2. Any idea about the etymology of this?

  3. No, but I suspect it’s French in origin. The clue is in the 2006 citation, where a pronunciation is explained. If, in fact, the word is pronounced with a short E (making it something like “su-PREMM”) then it might be spelled “suprême.” However, none of my French dictionaries have anything food-related under “suprême” or “supreme.”

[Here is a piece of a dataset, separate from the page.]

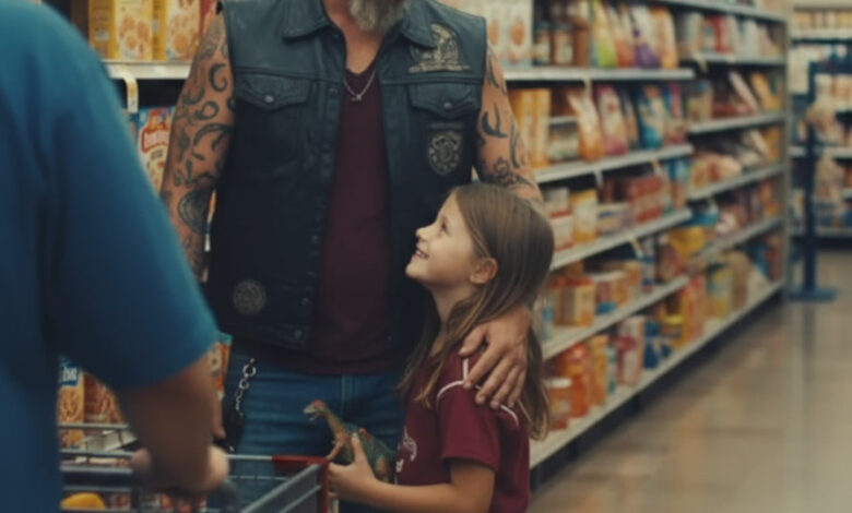 I never expected a Walmart run to change the course of my life. At sixty-three, with a beard gone mostly gray, tattoos climbing up my arms, and old scars mapping out the years I spent raising hell on the open road, I thought I’d seen everything a man could see. Wars. Bar fights. Nights on the highway that felt like they’d swallow you whole. But nothing — absolutely nothing — came close to what happened that afternoon in the cereal aisle.

    Merriam-Webster’s Unabridged Dictionary, available here for free if you watch a short advertisement, has the following food-related definitions:

    1. suprême: a rich white sauce made of chicken stock and cream—called also sauce suprême.

    2. also supreme: a tall footed sherbet glass with a large bowl.

    3a.: a made dish (as an entree) dressed with a sauce suprême <a >suprême</i> of sole> b also supreme: a dessert served in a suprême.

    So a completely speculative and unreliable theory I have is that a citrus fruit, when cut in half and relieved of its slices, might leave a bowl of fruit skin that looks a bit like the suprême in sense 2, influenced perhaps by the citrusy nature of many sorbets.

  4. Bill Simon says:

    In French cooking, a suprême de volaille is a boneless and skinless breast of chicken; the term “suprême” is used to describe the same cut of duck (“suprême de canard”) or other birds. By extension—meaning something from which all skin, bones, & other impediments to eating have been removed, it has long been applied to a skinless fish fillet.  Now it has apparently been extended to a citrus section from which skin & membrane are removed. See Larousse Gastronomique, Julia Childs’ first cookbook (Mastering the Art of French Cooking) or the ever-reliable Marling Menu Master.

  5. A-ha! That’s very interesting, Bill. It seems like a very good theory.